YOLO È UNO SFOGATOIO

IL RINOCERONTE

Avendoci letto, studiato e scritto in tempi non sospetti, temo che ormai YOLO, grandi dimissioni, quiet quitting e sdraiati siano diventati Hype un pò (molto) mainstream e velocemente destinati a perdere di fascino, proprio perché in questi anni e mesi non hanno generato niente di più che la rappresentazione di un disagio: serve una rappresentanza, e possibilmente serve una sostanza. E servono ormai modi nuovi di organizzare il conflitto, che c’è oggi più che mai, non solo nel mondo del lavoro.

Gironzolando in quel fantastico e dorato mondo delle rappresentazioni che è Instagram ho trovato “generazione Yolo”, un account che parla di lavoro e di frustrazioni variamente connesse alle occupazioni quotidiane che le persone normali intrattengono per campare.

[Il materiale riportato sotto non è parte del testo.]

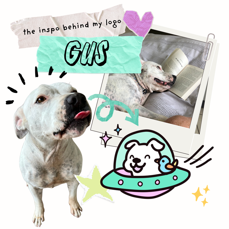When my little studio bestie Gus passed away in July, it felt like another nudge from the universe to just go for it. The Tiki Woof logo is Gus and his bird friend Jonathan . This was just my small way of keeping that super smiley pups energy alive.
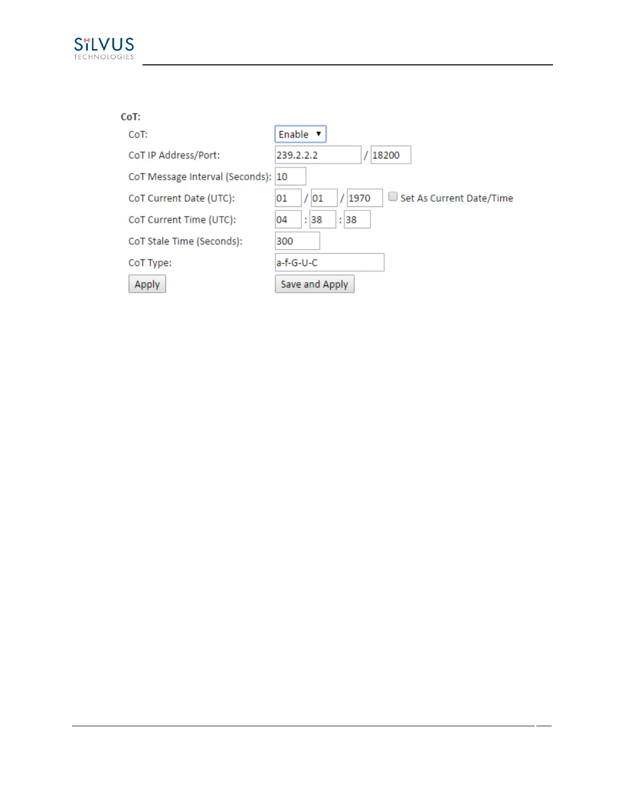 • CoT Current Date (UTC): Time stamp of the date. If Set AS Current Date/Time is selected,
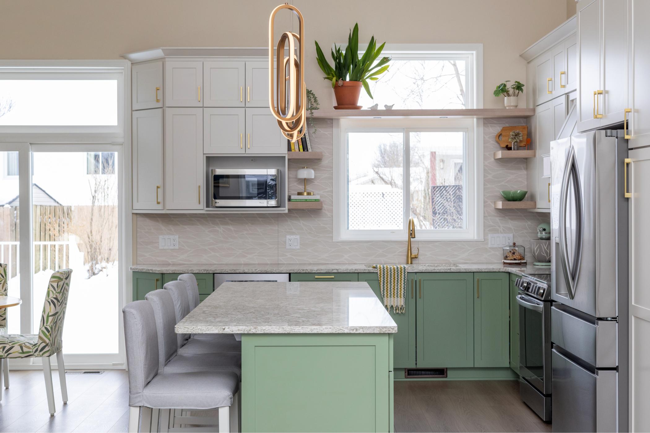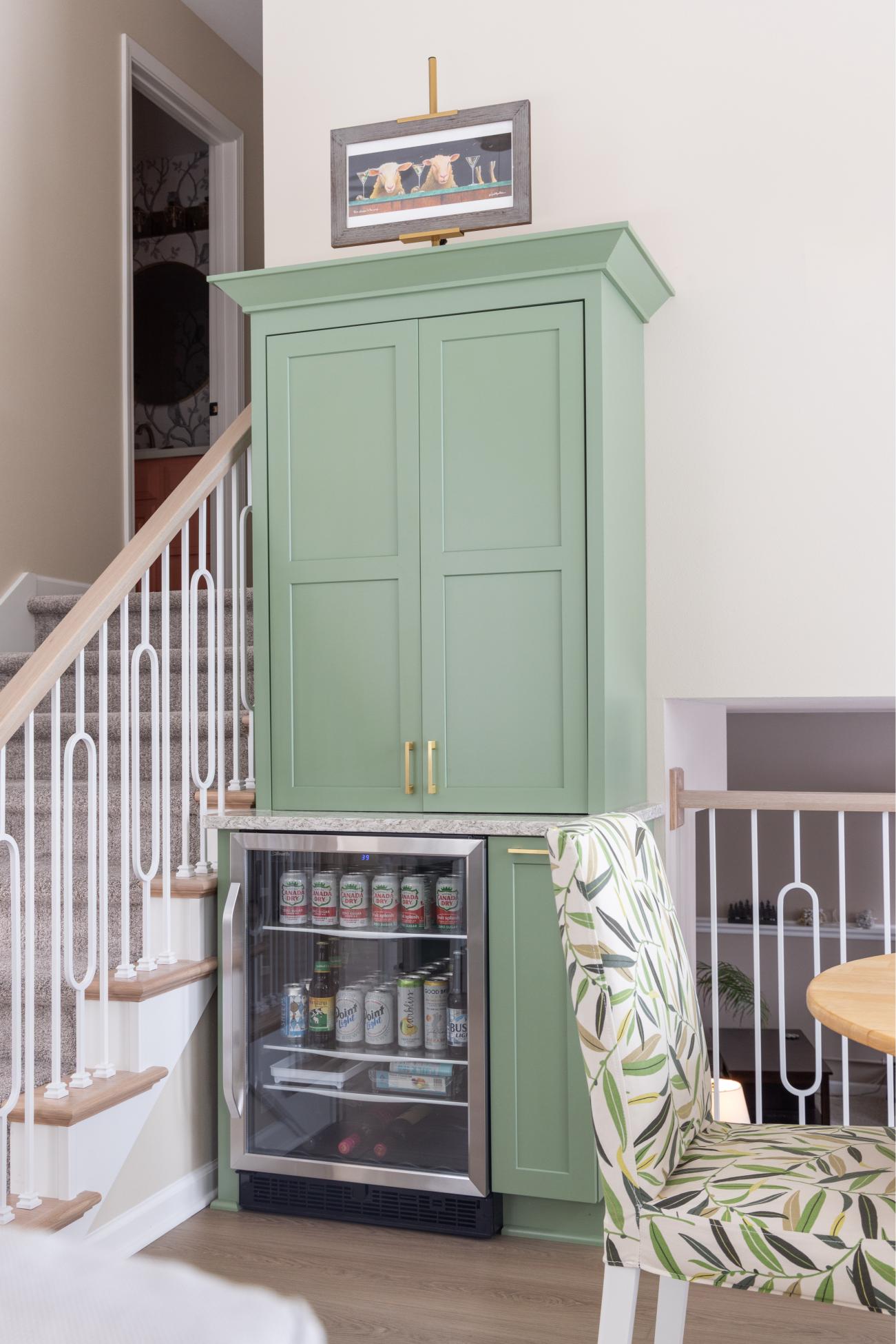 This kitchen remodel was guided by how the homeowners wanted to experience their space every day- curated, connected, and calm. The original layout was closed off from the rest of the home, so the design focused on bringing in more natural light and improving functionality while still feeling warm and grounded. Custom green cabinetry adds an organic presence that ties the kitchen into the surrounding spaces. And because the homeowners love to entertain, a thoughtfully designed bar was added to the dining area- giving guests a place to help themselves while conversation and preparation continue to flow with ease.

Generazione Yolo è uno sfogatoio di persone che si lamentano della propria condizione lavorativa, di cui vale la pena parlare perché il tema è serio. Il lavoro che perde di senso e di valore è una questione con cui anche i non addetti ai lavori come me hanno dovuto familiarizzare. È discutibile invece il modo con cui si parla del problema che “anestetizza” nell’individualismo rivendicazioni che secondo me sono giuste e legittime.

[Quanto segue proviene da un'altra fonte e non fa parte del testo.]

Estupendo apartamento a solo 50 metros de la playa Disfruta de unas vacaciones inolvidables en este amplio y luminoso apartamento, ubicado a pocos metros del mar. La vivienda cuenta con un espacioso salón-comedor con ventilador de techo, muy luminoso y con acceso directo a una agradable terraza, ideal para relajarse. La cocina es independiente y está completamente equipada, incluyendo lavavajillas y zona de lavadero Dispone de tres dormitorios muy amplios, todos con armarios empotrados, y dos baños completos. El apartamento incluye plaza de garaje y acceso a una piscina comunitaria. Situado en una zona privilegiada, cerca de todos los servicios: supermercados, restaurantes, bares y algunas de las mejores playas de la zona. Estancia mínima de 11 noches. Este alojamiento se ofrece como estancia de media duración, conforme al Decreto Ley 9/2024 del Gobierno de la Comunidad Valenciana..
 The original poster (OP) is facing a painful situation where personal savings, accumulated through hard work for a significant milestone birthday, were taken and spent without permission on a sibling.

È chiaro che non si può lavorare solo per pagare un affitto: un monolocale alla Barona costa 1000 euro al mese spese escluse, tre mesi di caparra e tre di anticipo quando si entra! Ed è ovvio che se negli ultimi 30 anni lo stipendio non cresce c’è un problema che riguarda tutti, per primi gli imprenditori che non riescono a trattenere le persone in azienda o non hanno a disposizione un mercato interno che ne sostenga le produzioni. Ma è altrettanto ovvio che se il lavoro è povero la soluzione oggi non è non lavorare. In mancanza di altri sistemi di redistribuzione della ricchezza ci teniamo per ora quelli che abbiamo che sono le tasse e il lavoro, cercando di capire come ridurre le disuguaglianze e come contrastare le povertà.

Sul tema del lavoro si sono consumate le battaglie politiche e sociali più dure degli ultimi secoli. Se oggi esiste un welfare è perché a qualcuno è venuto in mente di organizzare un conflitto che c’era, socializzando le storie individuali, aggregando idee su proposte su cui si è misurato un consenso e mobilitando persone, in carne ed ossa, reali.
Sarebbe giusto oggi aspettarsi che chi rivendica diritti e condizioni migliori facesse qualcosa di simile.

Sempre a propositi di generazione YOLO fossi io giovane sarei decisamente più attratto da messaggi più radicali e magari più affascinanti, parlerei di mondo pulito, di pace, di scuola, di un mondo più giusto, e vorrei opportunità più che lavorare il meno possibile, o il giusto, secondo i punti di vista. Mi si obietterà che vengo da una cultura del lavoro che ormai è passata, ma continuo a pensare che i conflitti fondamentali sono quelli generati quando le persone non sono d’accordo su come sono distribuiti i diritti civili e politici in termini sociali ed economici.

E penso anche che il vero ruolo della politica e dei partiti nella storia è spesso quello di socializzare il conflitto. Se oggi si tende a rappresentare i conflitti come una rappresentazione rissosa e teatrale dove tutto diventa individuale e sempre più personalistico, si fa un gioco delle parti che non sfida per davvero la realtà e le relazioni del potere costituito, perché per sfidare il potere occorre socializzare il conflitto. Fare politica appunto.